# Just say yes or tell me what i need.



## h8stoplights (Sep 12, 2005)

b14...

kyb agx Struts/Shocks 
tein s tech 1.5 drop all around



k?
AND, is it going to look like the picture on the s tech(yes i have 17")
www.tein.com/ti/img/kp162.jpg


----------



## psuLemon (Apr 23, 2003)

h8stoplights said:


> b14...
> 
> kyb agx Struts/Shocks
> tein s tech 1.5 drop all around
> ...


good setup, drop similar to pic you showed especially with 17's


----------



## apachewoolf (Mar 7, 2004)

how much would a set up like that cost?


----------



## h8stoplights (Sep 12, 2005)

Shop around, the cheapest im looking at is 700-800 the s-techs are only 150 shipped on ebay and kybs are 150 front 138 back x2


----------



## apachewoolf (Mar 7, 2004)

h8stoplights said:


> Shop around, the cheapest im looking at is 700-800 the s-techs are only 150 shipped on ebay and kybs are 150 front 138 back x2


 and that would be all I need to safely drop my car? I'm not looking for something good for drifting or racing just a comfortable ride for a daily driver


----------



## manuelga (Dec 14, 2003)

Shorter Bumpstops & Rear Shock Mounts from Andreas Miko.

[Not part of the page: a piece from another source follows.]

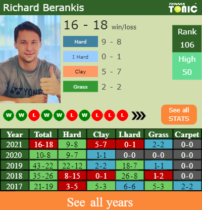 Prediction and head to head Richard Berankis vs. Brayden Schnur

+ DustCovers, you can get them at Autozone for a few Bucks a piece.


----------



## wes (Apr 30, 2002)

That is lower than 1.5" all around. If you are spending that much just get the Tein basics. They are hard to beat for the $$$.


----------



## pete? (Jul 6, 2004)

wes is right. dont think they suck because they arnt adjustable. it makes things so much nicer when they come prevalved for the spring rate. i wish mine had come that way. and it comes with bump stops and preassembled. so its a simple bolt in affair.


----------



## apachewoolf (Mar 7, 2004)

that's the tein basic dampers then? I can get them for about $850 shipped and besides getting a realignment it's a simple bolt on?


----------



## pete? (Jul 6, 2004)

it sure is. it goes like this. take off your wheels. now all you have to do is take off the 2 bolts per corner that attach the shock to the nuckle, now remove the 3 nuts on top of the strut towers and your done! if you really want to get into it, get a tap and die set and clean off all the hardware that you have removed and put a light film of anti seize on it to keep corrosion and rust off. then get an alignment and enjoy. :cheers: 

unless your dead set on alot of auto-x or even road racing <NOT steer racing) there is absolutly no need for bound/rebound adjustments......just gets confusing.


----------



## apachewoolf (Mar 7, 2004)

nope just want to have a decent ride without the huge wheel gaps


----------



## pete? (Jul 6, 2004)

apachewoolf said:


> nope just want to have a decent ride without the huge wheel gaps


tein basics will be you BEST bet, least amount of fuss, and best price i can garuntee it. you only have the adjustment where YOU want it........the height.


----------



## apachewoolf (Mar 7, 2004)

sweet thanks bro.been alot of help

somebody give that man some rep lol


----------